• **TASK REQUIREMENTS**: Below are records with pictures. Transcribe exactly, and only, the lines from the line with "[에이치플러스몰]여자 여름 데이트 룩 나시 블랙 롱 원피스 드레스" to the line with "In 1983 as a", both ends included, but not the pictures.

*** Opening RECORDS TO PROCESS ***

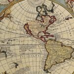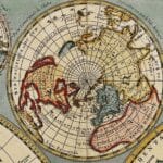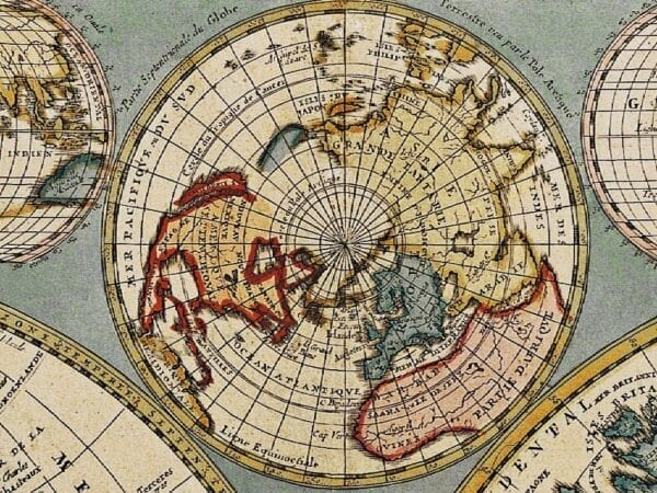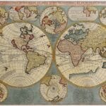 Nolin’s World Map has California depicted as an island, on the main map as well as three of the smaller maps. Australia is partially delineated, as also New Zealand, and above the island of California is a blank space. Around the two main hemispheres are two smaller ones oriented on Paris and its antipodean opposite; north and south polar projections; one cordiform and two truncated oval projections; and two wind directional figures.
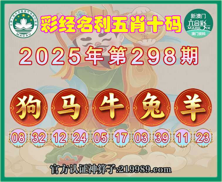 298期: 🀄《彩经名利》 🀄五肖十码🀄【狗马牛兔】开:羊23
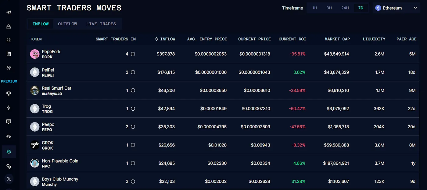 The dashboard provides detailed information on smart traders' inflows, outflows, and live trades:
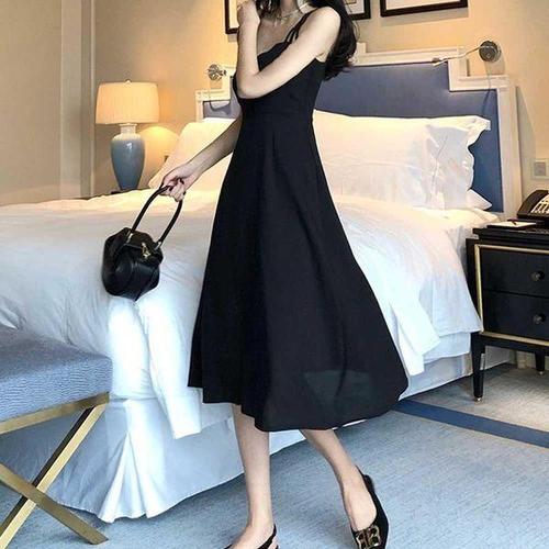 [에이치플러스몰]여자 여름 데이트 룩 나시 블랙 롱 원피스 드레스
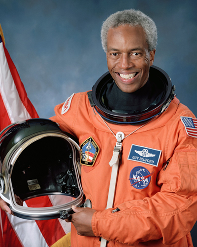 In 1983 as a mission specialist aboard the space shuttle Challenger, Bluford traveled in space for the first time. He was also the first African American to return to space by completing three more NASA missions, compiling 688 hours in space by the time of his retirement in 1993. He was awarded fourteen honorary doctorate degrees and was inducted into the International Space Hall of Fame in 1997 and the U.S. Astronaut Hall of Fame in 2010.
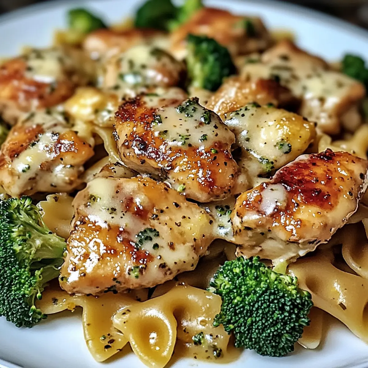 - Add drained pasta and broccoli along with sliced chicken to the skillet. Toss gently and stir in reserved pasta water until sauce reaches desired consistency. Mix in Parmesan cheese until creamy.
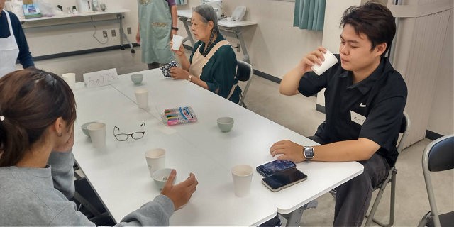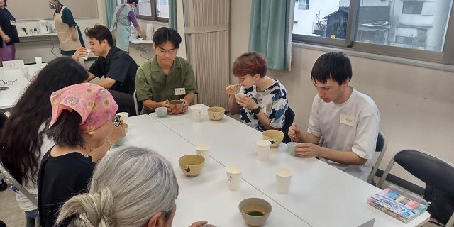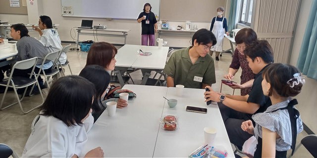 冒頭、岡輝公民館から開会のあいさつがありました。そして、世界のお月見を学ぶコーナーが始まりました。国ごとのブースを設け、参加者がそれぞれのブースを回り、お月見の習慣などを学びました。お月見団子をいただきながら、各国のお茶をいただくのは楽しい、得難い経験でした。留学生のみなさんは、日本のお月見を学びながら、自国のお月見の説明をし、楽しい時間を過ごしました。日本の抹茶、中国の「白茶」、台湾の「ウーロン茶」、ベトナムの「ジャスミン茶」、スリランカの「紅茶」をそれぞれいただきました。香りの違い、味の違いを満喫しました。いろいろな話で盛り上がりましたが、「中国の月餅は、北部は小さいが、南に下れば下るほど大きくなる。大きいものは、ラージサイズのピザと同じくらい」という、中国人留学生の話にみなさんが驚かれていました。そして、中国、台湾、ベトナムのみなさんは、お月見には月餅を食べるそうで、文化的共通点がありました。インドネシアではお月見は一般的ではありませんが、中国系コミュニティではお月見をするそうです。

*** Closing RECORDS TO PROCESS ***

• **RESPONSE TO THE TASK**:
 [에이치플러스몰]여자 여름 데이트 룩 나시 블랙 롱 원피스 드레스
 In 1983 as a mission specialist aboard the space shuttle Challenger, Bluford traveled in space for the first time. He was also the first African American to return to space by completing three more NASA missions, compiling 688 hours in space by the time of his retirement in 1993. He was awarded fourteen honorary doctorate degrees and was inducted into the International Space Hall of Fame in 1997 and the U.S. Astronaut Hall of Fame in 2010.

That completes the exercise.